Free-market thinker Adam, for example, has become a bit of an income redistributionist. He’s mounted an uphill charge to fund millions of dollars in deferred maintenance for county roads, building maintenance and other capital projects. To do so, he’s proposed taking money that has gone to enriching an entitled class of public officials and instead putting millions toward projects that benefit the working class. Adam wants to curb pay and pensions for civil servants and use the money to build roads and repair stuff that ordinary citizens need. That means jobs for construction workers, many of them Latino, who were among the hardest hit by the recession. At another time that might have been called New Deal politics, but now it is just common sense.

Meanwhile, Schneider is staring at a shortfall in capital projects amounting to more than $350 million.
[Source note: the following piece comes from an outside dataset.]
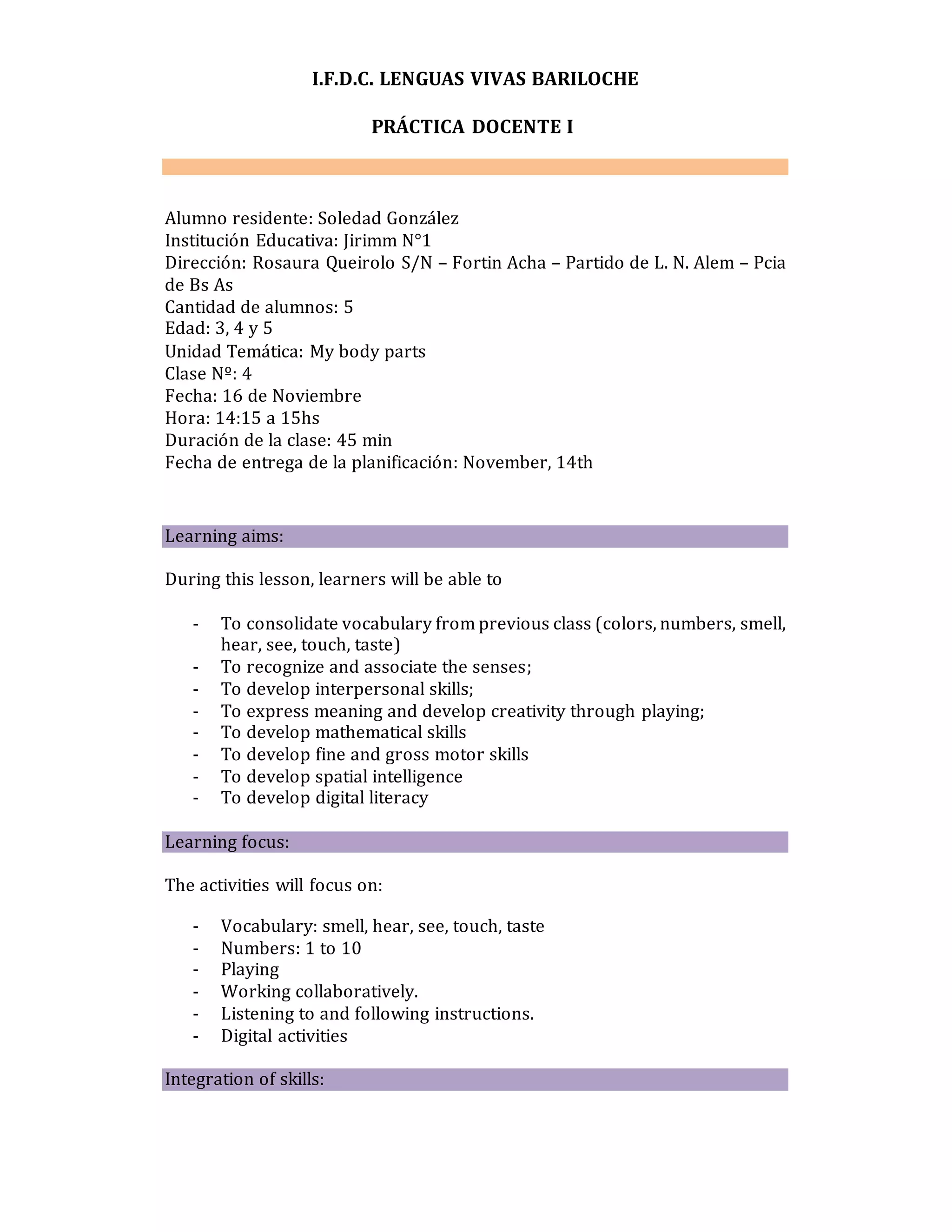 The lesson plan summarizes a 45-minute English class for 3-5 year old students focusing on body parts and senses. The class includes 3 main activities: 1) Associating body parts with senses through a worksheet, 2) Creating a "My Body" mini book by drawing and coloring body parts, and 3) A digital activity to create a monster by matching body parts. Scaffolding strategies such as modeling, asking questions, and using a puppet are included to help students understand instructions and activities. The plan aims to develop students' language, creative, motor, and digital skills through engaging hands-on learning.

In a few years, more than half the money that Santa Barbara spends compensating police and firefighters will go toward pensions. Her solution is in part good-old-fashioned deregulation. She wants to expedite the process for private-property owners getting permits for improvements, in part by rewriting the city’s 1950s-era rules for development. “We’ve gotten the message that time is money when it comes to building projects,” she said at the State of the City breakfast on March 24.

The bottom line is that banking sector and much of the private sector have put the Great Recession behind them. But the lingering impacts of the recession on local government remain. One solution is to lighten the burden of soft-dollar pensions and make infrastructure investments. Another is to speed the flow of projects to market and grow the future tax revenue stream.

It’s hard to miss the irony in painting Supervisor Adam as a neo-liberal and Schneider as a Reaganite deregulator. But the fact is that they are both innovators — and that should be applauded.